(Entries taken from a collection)
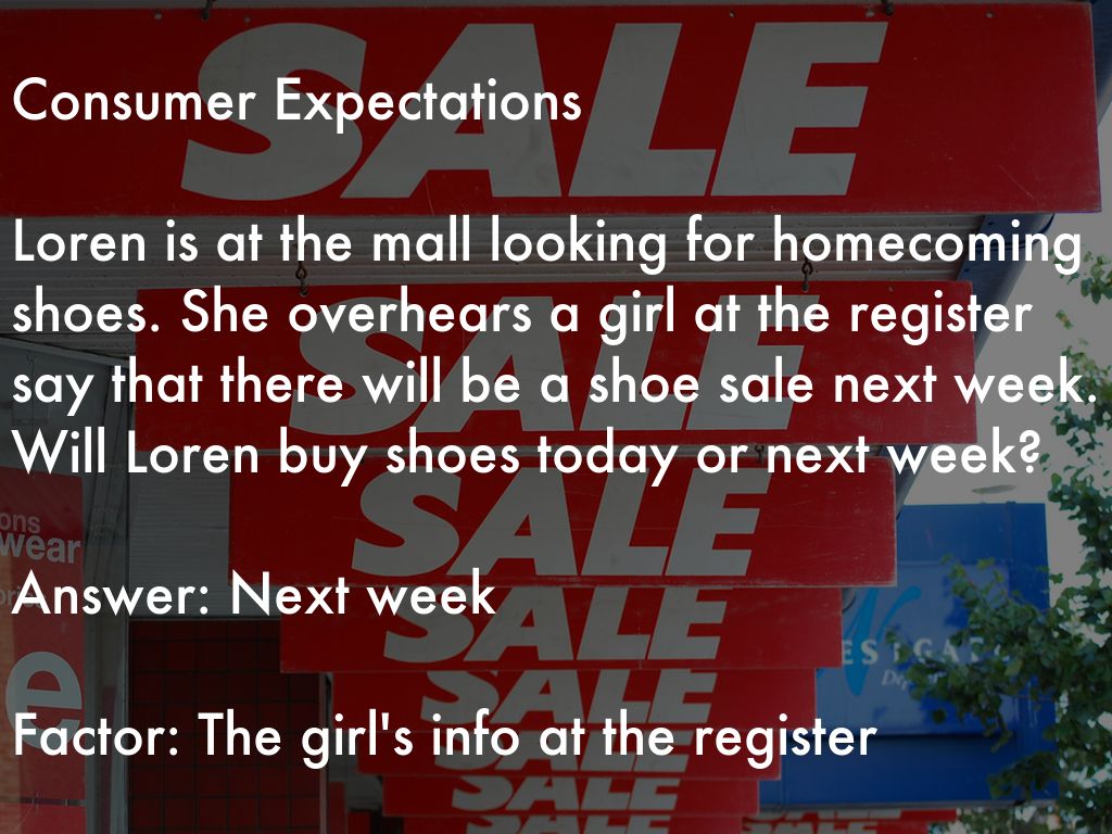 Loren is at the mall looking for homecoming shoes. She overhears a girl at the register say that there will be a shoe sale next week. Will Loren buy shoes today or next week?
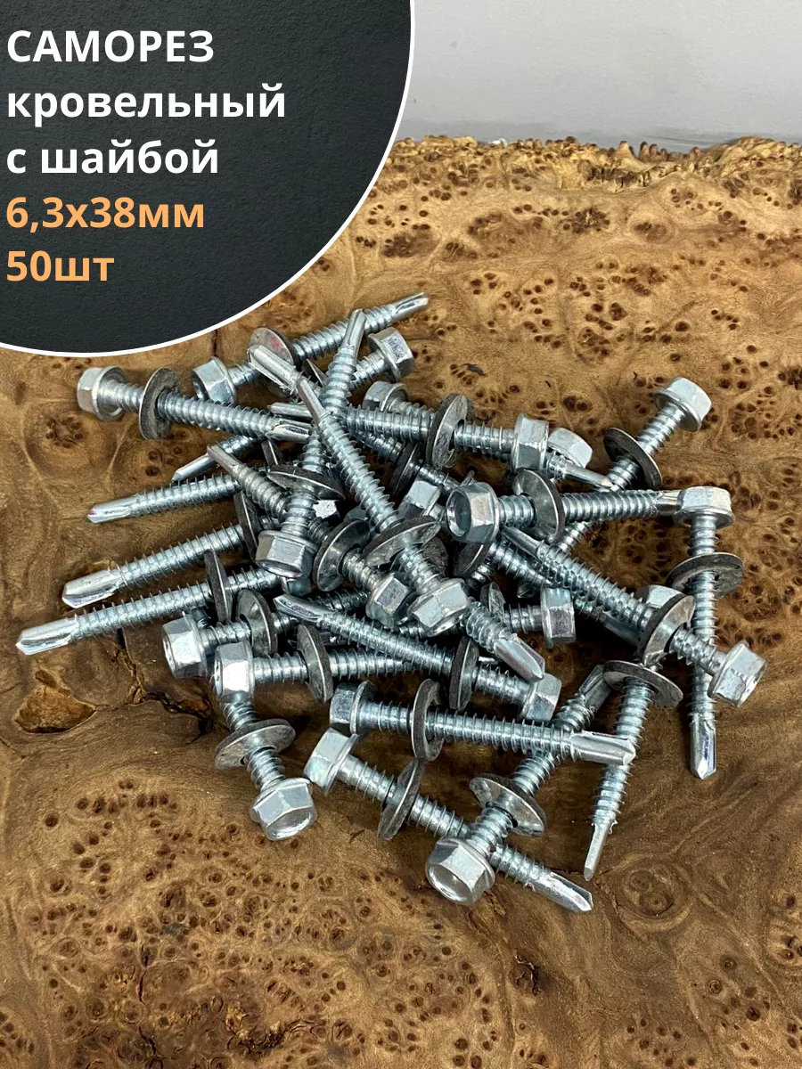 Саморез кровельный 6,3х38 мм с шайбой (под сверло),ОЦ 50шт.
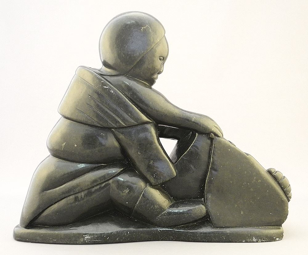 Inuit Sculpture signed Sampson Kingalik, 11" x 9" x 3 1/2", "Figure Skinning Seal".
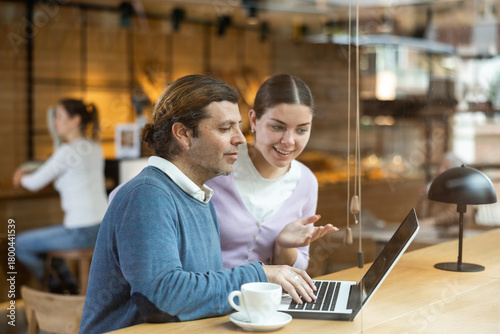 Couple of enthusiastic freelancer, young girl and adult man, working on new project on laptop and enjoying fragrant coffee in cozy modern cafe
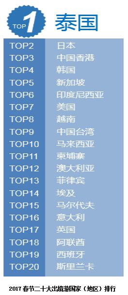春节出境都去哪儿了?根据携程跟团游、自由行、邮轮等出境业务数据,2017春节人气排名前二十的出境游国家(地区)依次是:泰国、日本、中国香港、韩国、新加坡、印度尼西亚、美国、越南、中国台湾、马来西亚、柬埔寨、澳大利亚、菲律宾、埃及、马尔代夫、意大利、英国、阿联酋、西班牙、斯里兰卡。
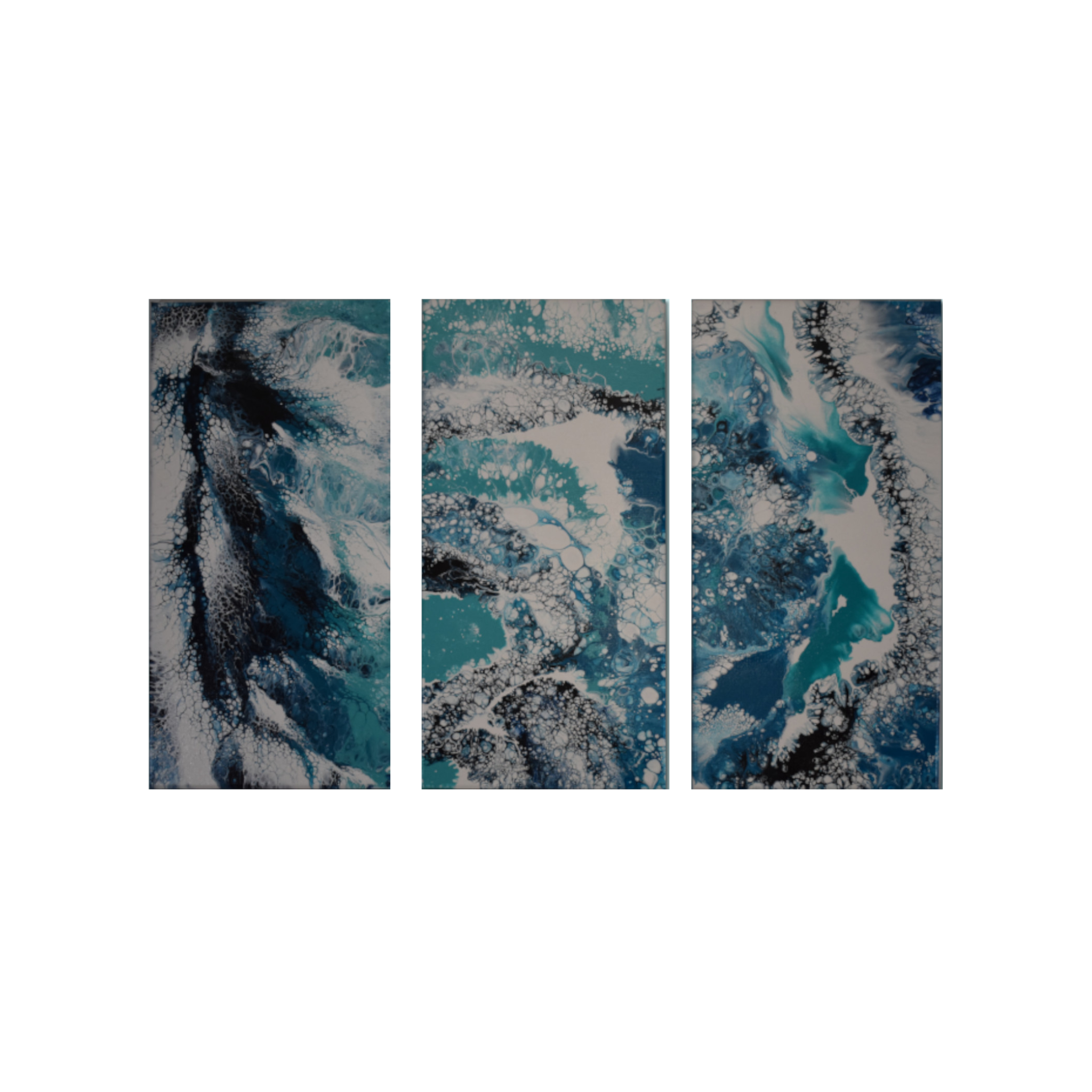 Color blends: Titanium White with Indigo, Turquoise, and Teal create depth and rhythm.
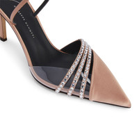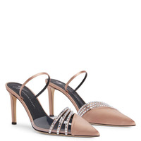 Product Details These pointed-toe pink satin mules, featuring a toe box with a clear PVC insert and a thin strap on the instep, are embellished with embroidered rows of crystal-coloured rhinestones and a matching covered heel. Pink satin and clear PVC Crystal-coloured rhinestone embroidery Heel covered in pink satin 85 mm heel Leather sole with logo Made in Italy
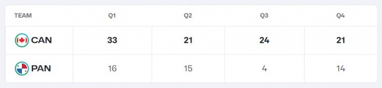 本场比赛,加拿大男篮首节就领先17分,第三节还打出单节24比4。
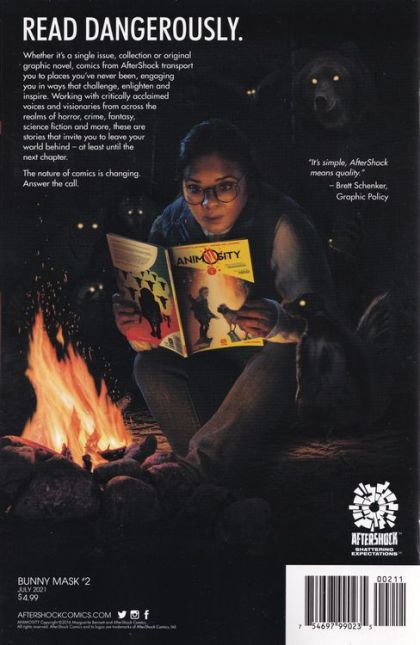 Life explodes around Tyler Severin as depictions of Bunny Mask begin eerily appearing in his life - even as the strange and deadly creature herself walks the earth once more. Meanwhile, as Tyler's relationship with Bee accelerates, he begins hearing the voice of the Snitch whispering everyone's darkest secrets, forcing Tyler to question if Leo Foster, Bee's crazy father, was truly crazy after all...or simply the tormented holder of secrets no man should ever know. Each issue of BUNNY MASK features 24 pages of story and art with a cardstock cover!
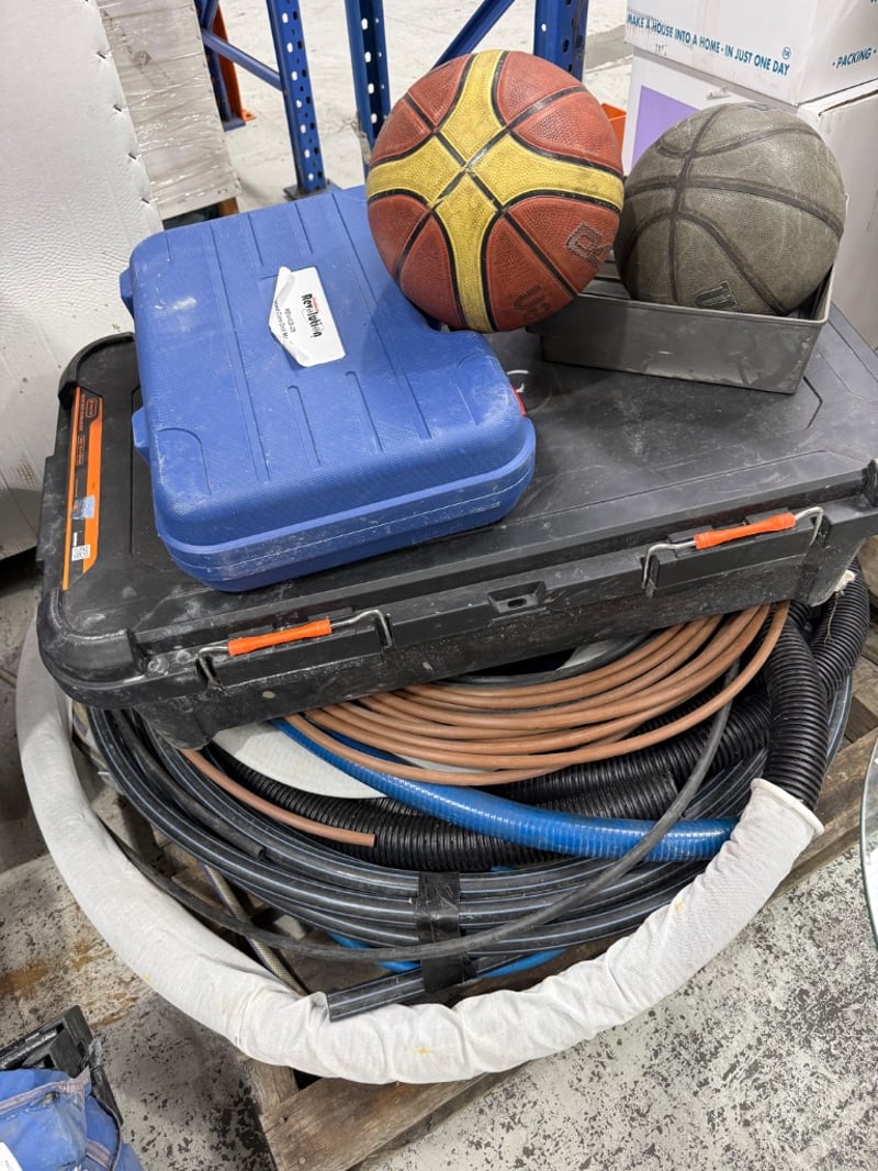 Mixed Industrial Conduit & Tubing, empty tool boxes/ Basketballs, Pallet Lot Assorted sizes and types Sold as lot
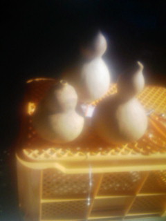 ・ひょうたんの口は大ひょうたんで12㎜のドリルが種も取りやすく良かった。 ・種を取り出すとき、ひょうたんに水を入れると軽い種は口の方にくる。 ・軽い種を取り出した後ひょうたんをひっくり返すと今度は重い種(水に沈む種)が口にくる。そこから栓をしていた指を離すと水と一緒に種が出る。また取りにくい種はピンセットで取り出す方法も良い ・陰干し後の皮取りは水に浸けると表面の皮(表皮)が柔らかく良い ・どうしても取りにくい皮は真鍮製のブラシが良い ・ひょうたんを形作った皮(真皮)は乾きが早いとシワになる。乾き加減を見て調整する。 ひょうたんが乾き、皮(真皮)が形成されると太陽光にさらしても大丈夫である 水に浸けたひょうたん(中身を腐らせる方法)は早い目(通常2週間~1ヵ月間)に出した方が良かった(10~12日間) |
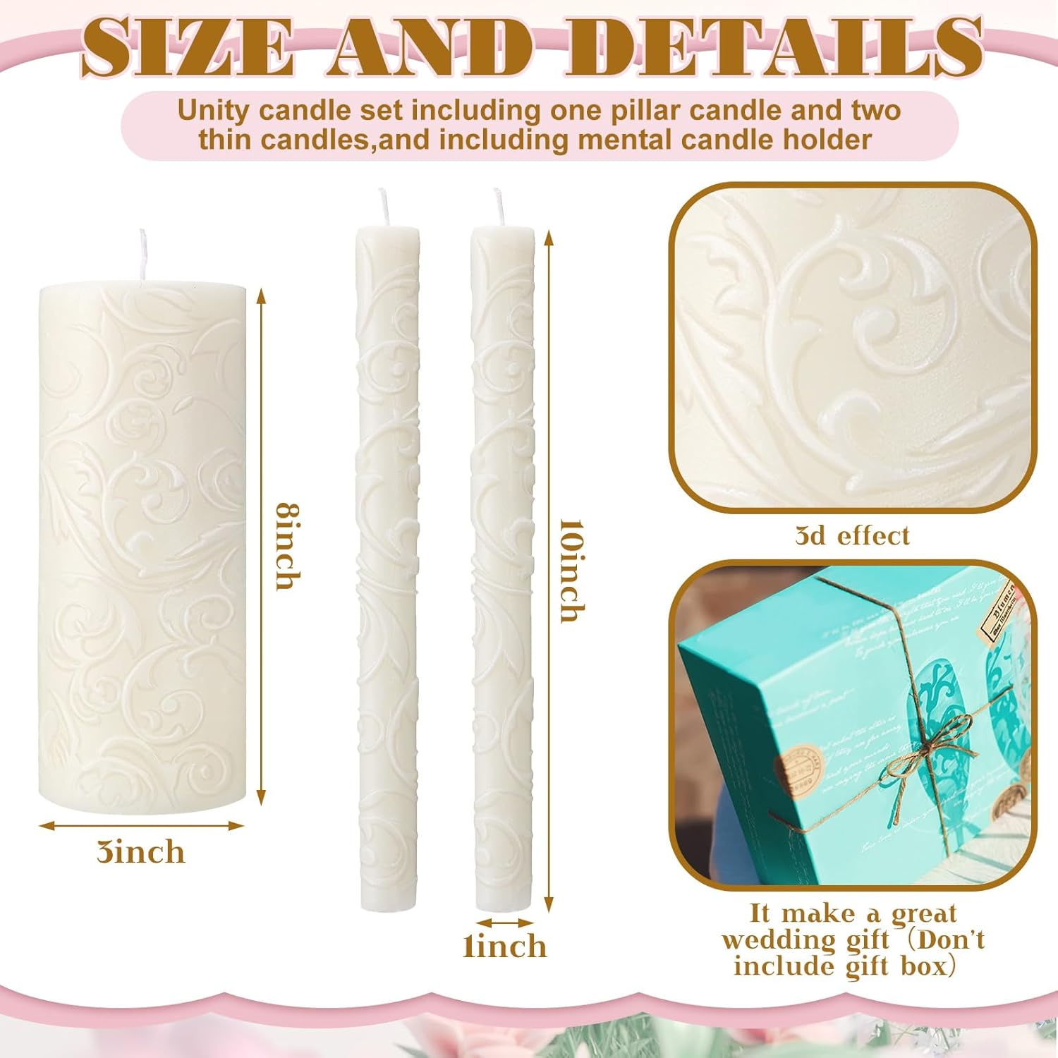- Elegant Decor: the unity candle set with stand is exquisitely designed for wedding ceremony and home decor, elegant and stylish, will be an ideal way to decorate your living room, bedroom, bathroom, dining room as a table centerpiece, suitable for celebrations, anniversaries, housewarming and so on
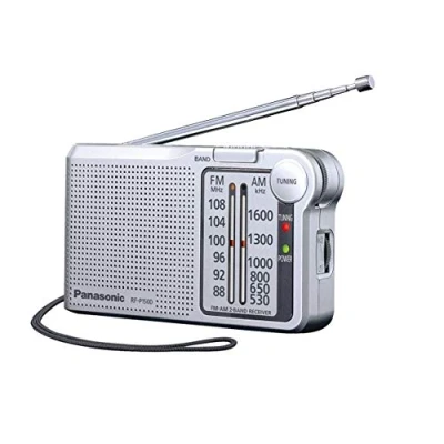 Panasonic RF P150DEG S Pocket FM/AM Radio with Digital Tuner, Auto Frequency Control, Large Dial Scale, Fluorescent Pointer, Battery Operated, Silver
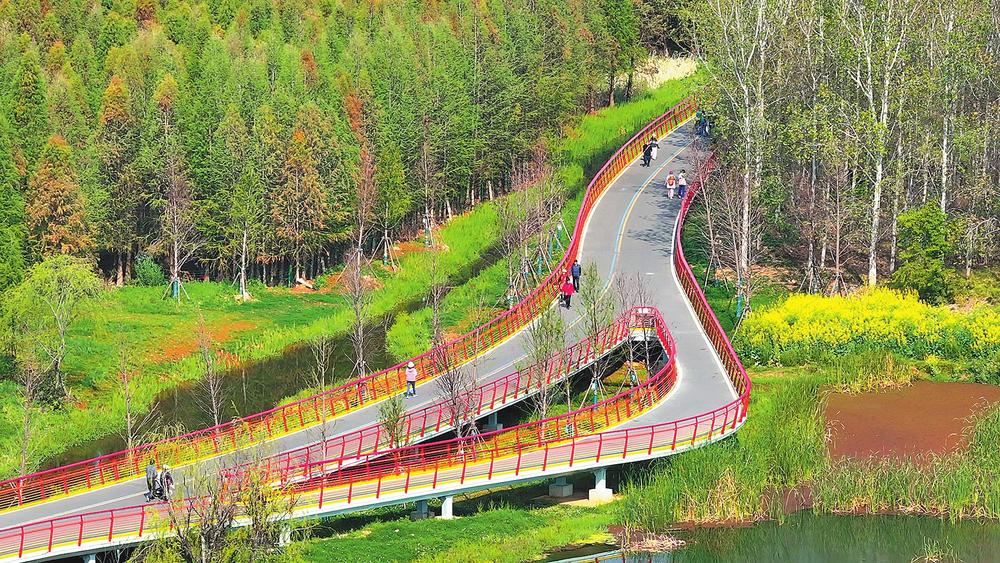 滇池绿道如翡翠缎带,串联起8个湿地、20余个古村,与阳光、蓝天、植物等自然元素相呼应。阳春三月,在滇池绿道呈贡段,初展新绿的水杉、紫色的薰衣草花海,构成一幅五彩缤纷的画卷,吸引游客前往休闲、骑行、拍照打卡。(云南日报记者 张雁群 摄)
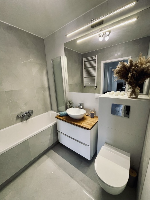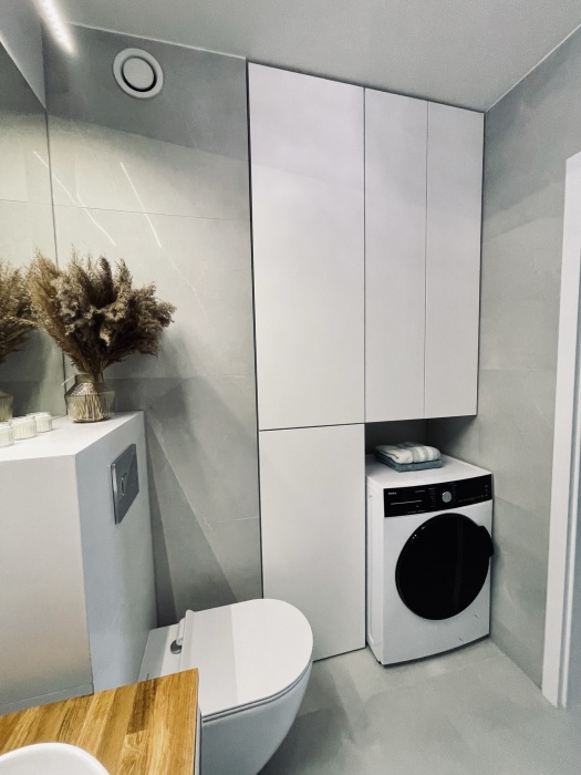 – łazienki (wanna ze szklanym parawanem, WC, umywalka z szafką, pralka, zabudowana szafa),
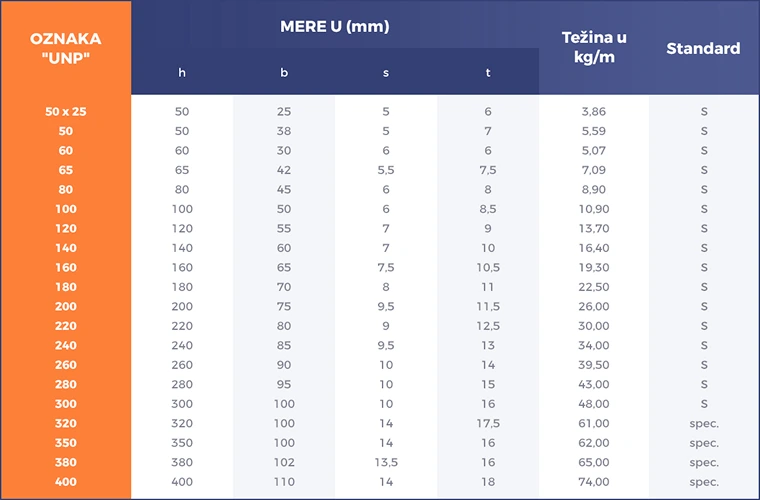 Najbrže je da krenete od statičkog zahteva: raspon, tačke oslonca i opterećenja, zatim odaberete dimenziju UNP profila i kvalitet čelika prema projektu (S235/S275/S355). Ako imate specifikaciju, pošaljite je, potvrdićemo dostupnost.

What you should do: Would you please reproduce the entries above, starting at the line with "Color blends: Titanium" and stopping after the line with "本场比赛,加拿大男篮首节就领先17分,第三节还打出单节24比4。"? Omit any pictures.

Result below:
 Color blends: Titanium White with Indigo, Turquoise, and Teal create depth and rhythm.
 Product Details These pointed-toe pink satin mules, featuring a toe box with a clear PVC insert and a thin strap on the instep, are embellished with embroidered rows of crystal-coloured rhinestones and a matching covered heel. Pink satin and clear PVC Crystal-coloured rhinestone embroidery Heel covered in pink satin 85 mm heel Leather sole with logo Made in Italy
 本场比赛,加拿大男篮首节就领先17分,第三节还打出单节24比4。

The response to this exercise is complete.